Division of Cardiology, Department of Pediatrics, Children's Hospital of Pittsburgh, University of Pittsburgh, Pittsburgh, PA 15312, United States of America; Heart Institute, UPMC Children's Hospital of Pittsburgh and UPMC Heart and Vascular Institute, Pittsburgh, PA 15312, United States of America.
Heart Institute, UPMC Children's Hospital of Pittsburgh and UPMC Heart and Vascular Institute, Pittsburgh, PA 15312, United States of America.
Int J Cardiol. 2024 Nov 1;414:132413. doi: 10.1016/j.ijcard.2024.132413. Epub 2024 Aug 3.
Guideline-directed heart failure therapy with angiotensin receptor blocker/neprilysin inhibitor (ARNi) and sodium-glucose transporter inhibitors (SGLT2i) has been incrementally beneficial in improving outcomes in heart failure patients.
Evaluate the feasibility and efficacy of guideline-directed medical therapy (GDMT) in adults congenital heart disease (ACHD) patients.
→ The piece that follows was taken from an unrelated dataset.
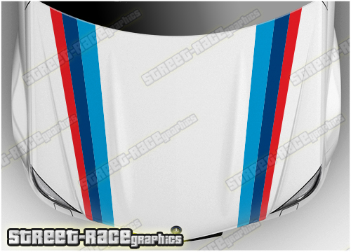 BMW M-Series (M Power / M Sport) bonnet / hood racing stripe graphics, digitally printed. There are no gaps or clear areas in these racing stripes, so they can be fitted to any colour car.
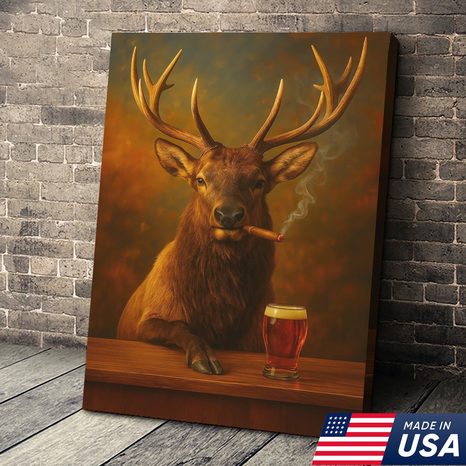 Funny Elk Drinking Cocktail Glasses & Smoking Canvas Wall Art - Rustic Hunting Perfect Gift for Hunters & Cocktail Glasses Lovers

In a retrospective cohort study, ACHD patients with either New York Heart Association (NYHA) Class II symptoms or systemic ejection fraction (EF) <45%, optimized on a combination of beta-blocker (BB), ARNi, mineralocorticoid receptor antagonist (MRA) and SGLT2i were evaluated.
Forty-six patients with a mean age 42.6 ± 12.1 years prescribed GDMT were identified. Twenty-eight (61%) were male, 20 (43%) had a systemic right ventricle (RV) and 9 (20%) had single-ventricle physiology. Over the optimization period, 20 (43%) were sustained on ARNi and 42 (91%) on SGLT2i in addition to treatment with BB and MRA. Over a period of 45 weeks, echocardiography parameters for left ventricle (LV) ejection fraction (EF) (+7.5%, p = 0.006), systemic ventricle (SV) velocity time integral (VTI) (+1.9 cm, p = 0.012) and LV global longitudinal strain (GLS) (-2.5%, p = 0.005) improved when 3-4 medications were used versus 1-2 medications alone. The use of either ARNi or SGLT2i (+8.1%, p = 0.017) or in combination (+7.0%, p = 0.043) increased LVEF compared to the use of neither medication.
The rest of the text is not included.